Real estate investing is gaining popularity, and if you’ve been giving it some thought, this guide will give you an overview. The goal of any real estate investor is typically to make money. This means purchasing an investment property at a good price so you can rent it out and maybe eventually sell it for a profit.
Real estate investing is an ever-changing game. To get and stay ahead and make consistent money, you’ll need to do your homework. Here are 10 things to know:
1. Get Pre-Approved for a Mortgage
When you get a mortgage pre-approval first, there are some benefits you can take advantage of, financial benefits being a big one.

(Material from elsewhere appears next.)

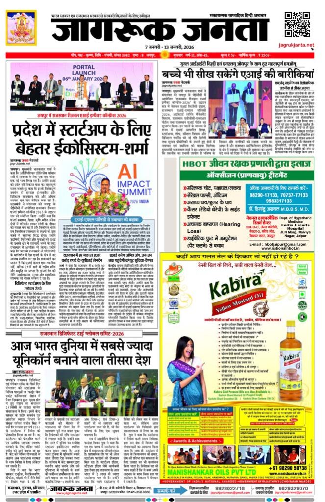 Jagruk Janta Hindi News Paper 7 January 2026 Jagruk Janta 7 January 2026Download By: Jagruk Janta Date: January 7, 2026 Join Our Whatsapp Channel Previous articleJagruk Janta Hindi News Paper 31 December 2025 Jagruk Janta Share post: FacebookTwitterPinterestWhatsApp SubscribeI want inI've read and accept the Privacy Policy. Popular Jagruk Janta Hindi News Paper 31 December 2025 तू-तू, मैं-मैं के बीच ‘लड़ना है तो बाहर आ जा’, BAP विधायक ने बीजेपी सांसद को धमकाया…. नए साल पर खाटूश्यामजी दर्शन करने जा रहे तो जरूर पढ़ें ये खबर, Mandir कमेटी ने कर दिया अलर्ट जसोल Dham में Somnath ज्योतिर्लिंग के पावन अंश के दिव्य दर्शन माउंट abu की पर्वतीय वादियों से शुरू हुआ aravli बचाओ अभियान More like thisRelated Jagruk Janta Hindi News Paper 31 December 2025 Jagruk Janta - December 31, 2025 तू-तू, मैं-मैं के बीच ‘लड़ना है तो बाहर आ जा’, BAP विधायक ने बीजेपी सांसद को धमकाया…. Jagruk Janta - December 29, 2025 बांसवाड़ा में बैठक के दौरान बीएपी सांसद राजकुमार रोत... नए साल पर खाटूश्यामजी दर्शन करने जा रहे तो जरूर पढ़ें ये खबर, Mandir कमेटी ने कर दिया अलर्ट Jagruk Janta - December 28, 2025 खाटूश्यामजी में VIP दर्शन के नाम पर पैसा मांगने... जसोल Dham में Somnath ज्योतिर्लिंग के पावन अंश के दिव्य दर्शन Jagruk Janta - December 25, 2025 सनातन आस्था, आध्यात्मिक चेतना एवं सांस्कृतिक वैभव का ऐतिहासिक...
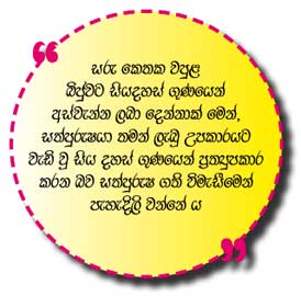ලැබූ උපකාරයට වැඩි වූ සිය දහස් ගුණයෙන් ප්රත්යුපකාර කරන බව සත්පුරුෂ ගති

Once you’re pre-approved, most lenders will lock in an interest rate for you, so if rates go up while you’re conducting your property search, you’ll enjoy your lower, locked-in rate.
When it comes to demonstrating your seriousness to a potential seller, having a pre-approved mortgage could get you preferential treatment since you already have financial backing.
2. Cash Flow
Cash could be the defining feature of any investment property. If you’re projecting strong cash flow, you should be all set, but if your projection is negative, you might need to reallocate money from other areas such as:
- Your salary
- Other investments
3. Keep Up With Local Pricing Trends
Consider the area where you’re thinking of making your investment, and then study the home pricing in those areas. Investigate further to see if current prices are on the rise, then compare average homes in neighboring towns and cities to see if you can find savings.
4. Research the Local School Ratings
Areas with quality schools are attractive to parents with school-aged children.
Most states rank their schools based on how well the kids in each school district score on common tests like English and math.
Check out the state’s board of education website to get started, and look for the schools at the top of the list, or those that are moving up the list.
5. Future Development
Before you land on an area for your investment property, talk to people living in the neighborhoods you’re considering, as well as the local town hall to get information on planned and potential future development.
- Take a drive around town and see what kinds of construction are already underway.
- Even if the location you’re considering doesn’t have many amenities it might in just a few years.
- Keep an eye out for new roads to accommodate future growth, hospitals, and shopping malls.
- If a prospective area is set to expand in a few years, you might be able to secure a property at a low price and be able to take advantage of higher rent and substantial appreciation in the future. On the other hand, look out for areas that are always congested with heavy traffic or have overfilled schools.
6. Tax Savings With Alternatives
If you’re comparing two nearby towns, and one has lower property taxes, you might be able to take advantage of significant savings.
Also, find out if tax rates are expected to move up or down in the coming months.
Give the local tax assessor a call to find out when the area was last evaluated. If you find out the town is about to conduct a reassessment, this could mean that property taxes will rise.
7. Smaller towns
If the suburb or secondary market you’re exploring is close to a large city, this could be desirable to people who commute to work but don’t want to live in the hustle and bustle of the city. With rents and property values rising, the outskirts are becoming popular alternatives and have all the amenities a city does. If you’re looking in one of these areas, make sure you check out future development plans.
If you’ve been in the real estate investing market for even a short time, you know many investment properties are vacant. Check out the vacancy rates for the property type you’re considering in your chosen area.
9. Know What You Need
Know what you’re getting into with rehab or a rental property. Study the property closely to get a good understanding of the state it’s in before you commit. This way, if you have repairs and upgrades you’ll be able to make an accurate estimate.
10. Start Small And Learn.
If you’re new to real estate investing, start small.
As you get used to everything that comes with being an investor, you’ll want a smaller and easy-to-manage property.
When you get some experience under your belt and have earned enough money, you can expand your business by replacing your property with a bigger and more expensive one, or purchasing a second one.